無かったものを新たに生み出す事、これを少し大げさではあるが自分の中では「研究」と表現するようになった。

出版という真似事だが、一つの成果を生み出した。その中で自分の仕事を通じた人生をまとめた。

その中で自らが関わったITの世界に対する見方や気づき、考えたかとを軸にこの1年興味にまかせて掘り進んだ。

だいがくの研究室とは違う現場からの気づきをベースにした調査であった。

またITもよくある開発者の立場からではなく、利用者としての気づきにこだわった。

19年の4月に退職後、まず考えたのは自分は何を知りたいのかという事。

自分の思いとその背景になっているものを見つめる事から始めた。

自分はITを仕事としてきた。これだけだったから今の時代デジタルと言い換えて

ある意味、目立つ部分があるかもしれない。

しかし自分が始めたのは、40年も昔の話、決して最先端ではない。

しかも、文系で、意図せず、この仕事にぶつかった。

にも拘わらず最初からシステム開発に携わった。

ただ当時から、ソフトウェアの世界は、ホワイトカラーでもブルーカラーでも無く

グレーカラーと呼ばれていて決して華やかな世界ではなかった。

同期入社でも営業に配属された仲間は、各地を飛び回り、銀座で交際費を使っている

間、こちらは、プログラムのミスに追われ夜遅くまでマシン室と机の往復に終始。

職場内でも、中途半端な技術力なのか、開発の本流ではなく、社内の利用部門との

やり取りや、パソコンの普及に伴い社内への講習会や、PCの発注などのむしろ

ITを利用する側の仕事にシフトしてゆき気が付けば、ITの中心から少し外れた位置で40年過ごし65歳まで過ごしていた。

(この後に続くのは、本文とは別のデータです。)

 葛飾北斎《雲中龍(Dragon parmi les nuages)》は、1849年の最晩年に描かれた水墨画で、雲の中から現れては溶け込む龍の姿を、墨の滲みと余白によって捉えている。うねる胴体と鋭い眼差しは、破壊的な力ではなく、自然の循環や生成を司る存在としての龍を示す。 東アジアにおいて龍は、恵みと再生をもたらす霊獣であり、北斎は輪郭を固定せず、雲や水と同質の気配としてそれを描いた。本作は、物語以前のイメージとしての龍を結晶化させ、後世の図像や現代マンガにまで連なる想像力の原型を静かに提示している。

そういう少し屈折した思いが背景にあるのかもしれない。

ただ、そこからしか見えないものがある。

システムの開発からはじまり、PCの導入など、ITの利用の側面、最後には教育の

現場までITの周辺を幅広く経験させてもらい幅広く物事を見る事が出来た。

この40年、ITの周辺に居続けて、その変遷を見続けてきた。

自分は、システム開発からいち早く外れてしまったが、その後、社内から開発業務は

アウトソースされ、情報システム部門全体が、PCの発注部門のようになってしまい技術力を失ってゆく。

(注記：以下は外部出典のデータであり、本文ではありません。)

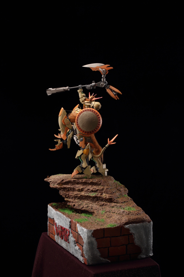在荒原深處,沉睡著一尊鋼彈。牠誕生於戰火最熾烈的年代,他擁有敏捷的速度與力量。巨鎌象徵審判,每一次揮舞都能斬斷黑暗與混亂。當世界陷入危機,牠便會自岩峰覺醒,以孤獨的姿態面對無盡敵意。傳說中,牠是最後的守護者,也是帶來黎明的存在。

これは、自分の会社だけではない事は、容易に理解できた。

コスト削減の中で、間接部門としての情報システム部門が、経営者からいかに軽視されてきたかを実感してきた。

ほぼ平行して、日本自体の衰退が見えてきていた。

この関連についても、考えない訳にはいかなかった。

ただ、その事を明快に理論づけて説明ができない。

それが、この「調査」という行為のきっかけであった。

何を調べたかったのか、何を知りたかったのかと問われれば、こういう事だったのかと考える。

この為に、関係ある本を読み漁る事から始めた。